FoundationOne CDx and FoundationOne Liquid CDx are the company’s tissue-based and liquid-based comprehensive genomic profiling tests
Anheart Therapeutics has partnered with Foundation Medicine to develop CDx for Taletrectinib. (Credit: National Cancer Institute on Unsplash)
AnHeart Therapeutics and Foundation Medicine have agreed to the development and regulatory approval of the latter’s FoundationOne CDx and FoundationOne Liquid CDx, as companion diagnostics (CDx) for the former’s ROS1 inhibitor taletrectinib in the US.
Taletrectinib is an investigational oral, potent, brain-penetrant, selective, next-generation ROS1 inhibitor.
It is currently being assessed to treat ROS1-positive advanced or metastatic non-small cell lung cancer (NSCLC). Taletrectinib has also secured breakthrough therapy designation from the US Food and Drug Administration (FDA).
FoundationOne CDx and FoundationOne Liquid CDx are the company’s tissue-based and liquid-based comprehensive genomic profiling tests.
AnHeart US chief medical officer Lian Li said: “We are excited to collaborate with Foundation Medicine on the development of both tissue- and liquid-based companion diagnostics to help identify patients who may benefit from taletrectinib.
“Foundation Medicine’s high-quality testing portfolio and proven regulatory expertise make them a preferred partner for us as we work to bring this promising next-generation therapy to patients living with ROS1-positive NSCLC.”

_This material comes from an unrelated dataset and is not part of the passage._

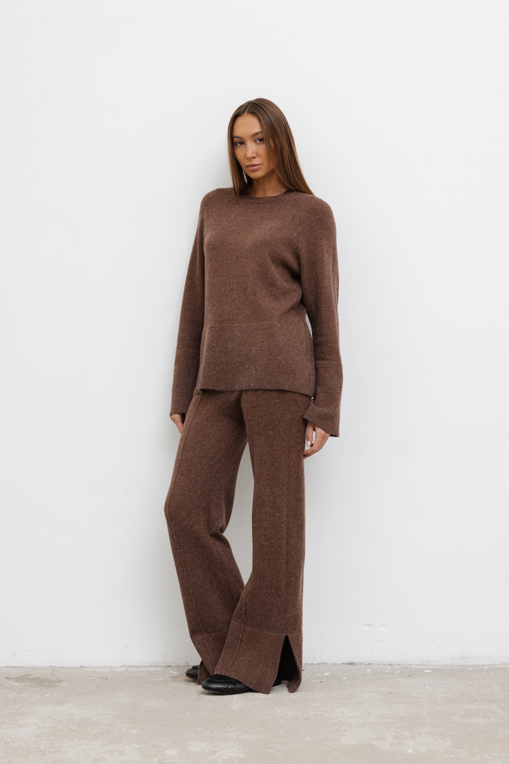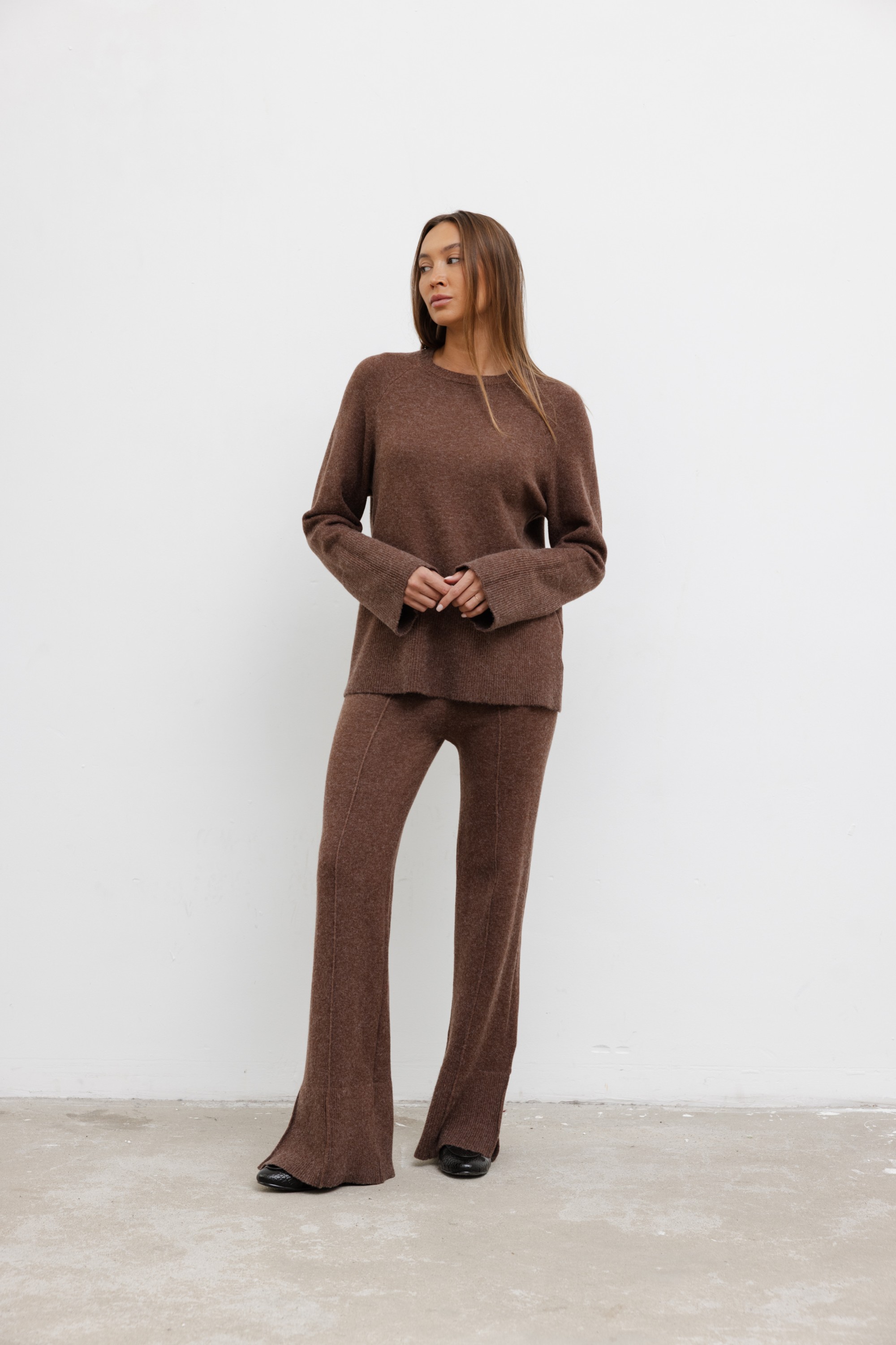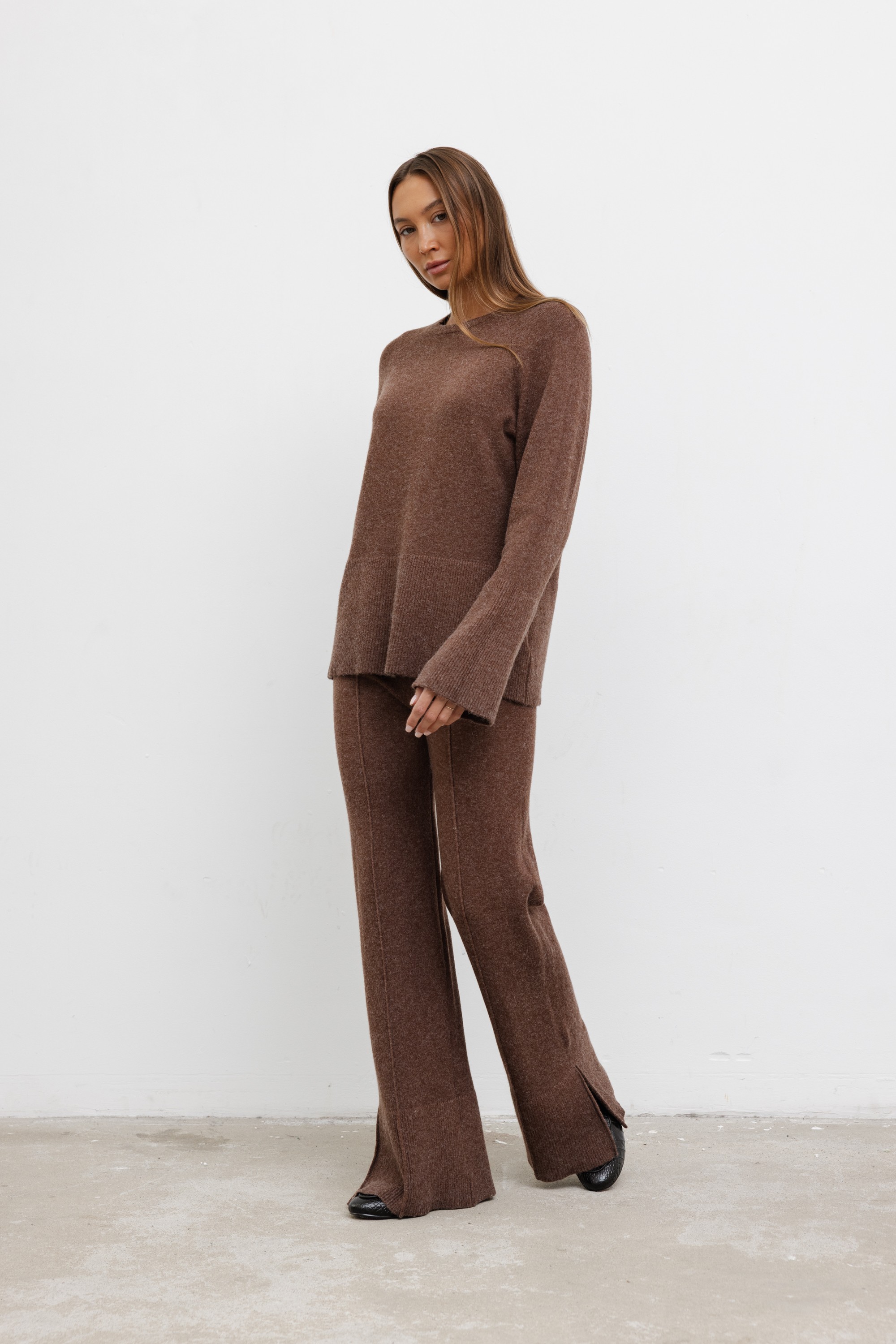Dzianinowy komplet, który łączy wygodę i nowoczesny styl. Składa się z luźnego swetra z długim rękawem oraz spodni o prostym kroju z rozcięciami u dołu nogawek. Miękka, elastyczna dzianina zapewnia komfort noszenia i swobodę ruchów, idealna na co dzień i na luźniejsze wyjścia.

The FDA-approved diagnostic test suite from Foundation Medicine provides doctors with alternatives for tissue- and blood-based testing to identify genetic changes that inform individualised treatment plans.

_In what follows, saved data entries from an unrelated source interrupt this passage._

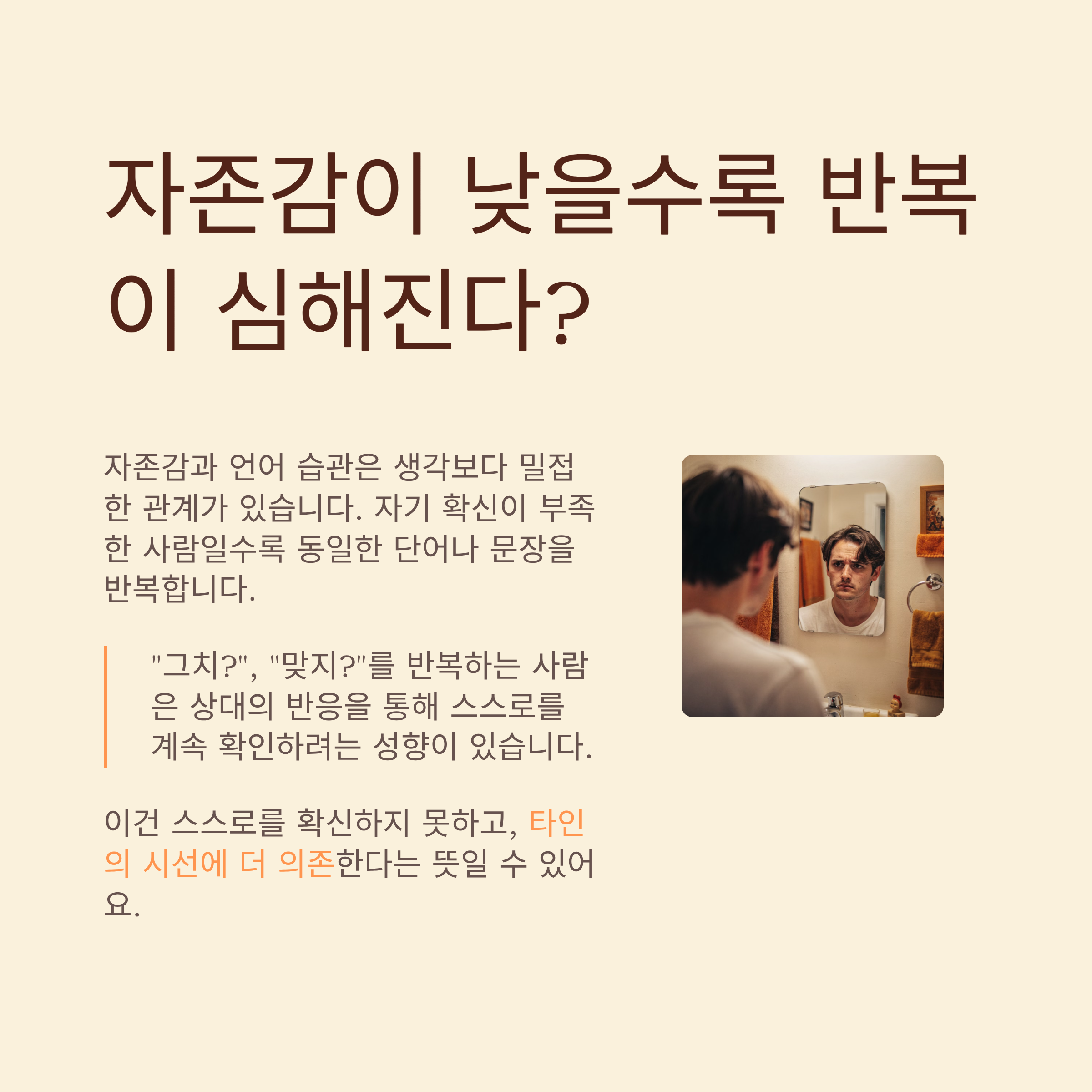 자기 확신이 부족한 사람일수록, 자신의 말에 힘을 실기기 위해 동일한 단어나 문장을 반복하는 경우가 많아요. 특히 질문 끝에 "그치?", "맞지?"를 반복하는 사람은 상대의 반응을 통해 스스로를 계속 확인하려는 성향이 있습니다.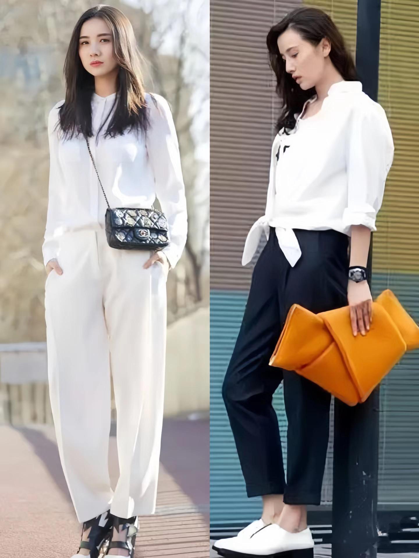 白襯衫+白色煙管褲,那麼純淨的一身穿搭,頗有女神範。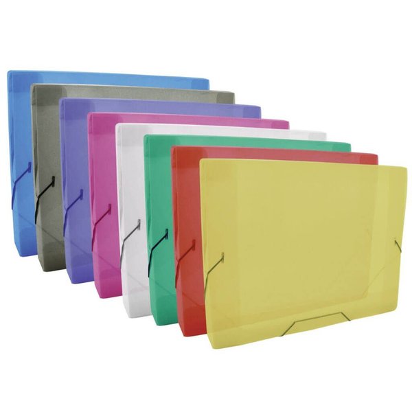 Possui abas para fixar os documentos no interior da pasta e elástico para fechamento com terminação em plástico.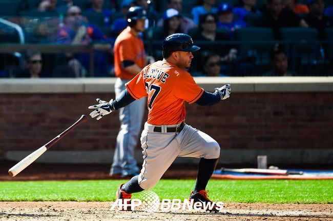 지난 시즌 타율, 최다안타, 도루에서 리그 1위를 차지한 휴스턴 애스트로스 호세 알튜브. 타석당 3.11개의 투구만을 맞이한 것으로 집계 돼 메이저리그 최소를 기록했다. ⓒAFPBBNews = News1(무단전재 및 재배포 금지)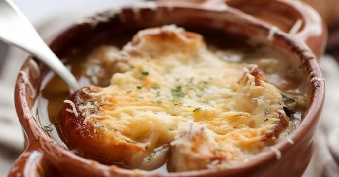 Oignons longuement caramélisés, bouillon corsé et gruyère fondant
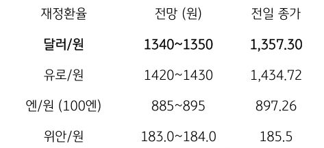 오늘의 달러/원 환율 1,340~1,350원 전망

FoundationOne CDx is a next-generation sequencing and prescription-based in vitro diagnostic device.
It is intended for the detection of substitutions, insertion and deletion alterations (indels), and copy number alterations (CNAs) in 324 genes and select gene rearrangements.

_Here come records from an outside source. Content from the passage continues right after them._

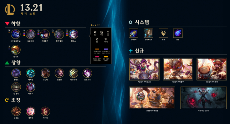 모든 챔피언 밸런싱이 초기화됐어요! '돌격! 넥서스' 마지막 출시 후, 게임에 많은 변화가 있었잖아요? 그래서 모든 것을 고려해서 밸런스를 다시 맞춰봤다고 하는데요. 만약 너무 강하거나 약한 챔피언이 있다면 바로 조정을 한다고 하네요. 걱정하지 말라는 개발진의 의견이 있었습니다. ㅎㅎ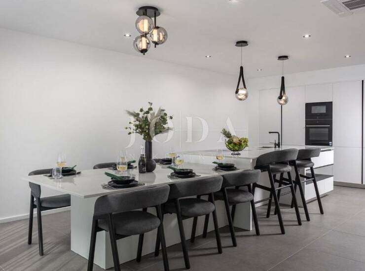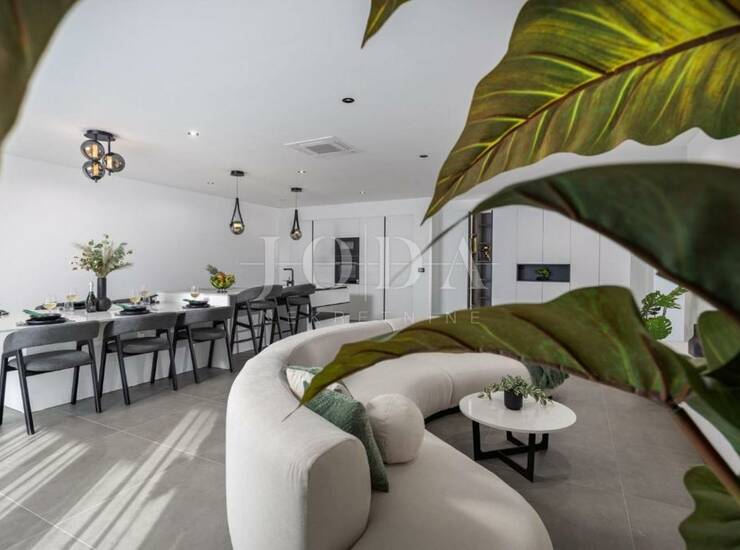 Vila je u potpunosti opremljena vrhunskim, modernim i kvalitetnim namještajem, spremna za useljenje bez dodatnih ulaganja.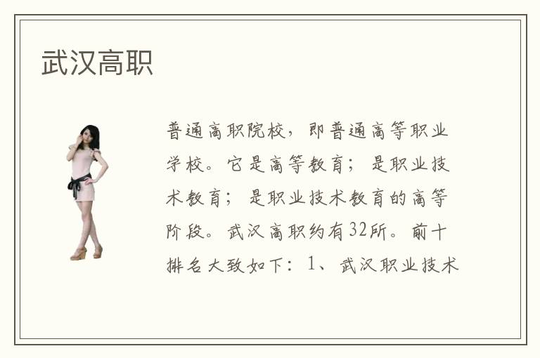 普通高职院校,即普通高等职业学校。它是高等教育;是职业技术教育;是职业技术教育的高等阶段。武汉高职约有32所。前十排名大致如下:1、武汉职业技术学院2、武汉外语外事职业学院3、武汉纺织大学外经贸学院4、武汉航海职业技术学院5、武汉民政职业学6、武汉交通职业学院7、长江职业学院8、武汉软件职业学院9、武汉语言文化职业学院10、武汉电力职业技术学院。当我们选择武汉高职时,需要考虑的不仅仅是学校排名,同时我们要考虑的因素还有很多,列如,父母期许,专业兴趣,学校规模,就业前景,学习氛围等诸多方面的因素。有些人说,读了武汉高职是放弃了未来,这是极其错误的,要相信,天生我材必有用,常说学好数理化,走遍天下都不怕,三百六十行,行行出状元,无论何时何地,只有掌握了实用的技术,都会有前途。武汉高职也能让我们为未来走上社会打下良好的基础。

FoundationOne Liquid CDx is a qualitative next-generation sequencing-based in vitro diagnostic test.
It is designed to use targeted high throughput hybridisation-based capture technology to analyse 324 genes using circulating cell-free DNA (cfDNA).
Foundation Medicine chief biopharma business officer Troy Schurr said: “High-quality genomic profiling tests are critical to inform treatment decisions and have become foundational for treating NSCLC as more precision therapies targeting specific genetic alterations, such as ROS1, are being developed.
“We look forward to working with AnHeart to deliver swift access to this investigational precision therapy if approved and ultimately to help more patients living with this disease.”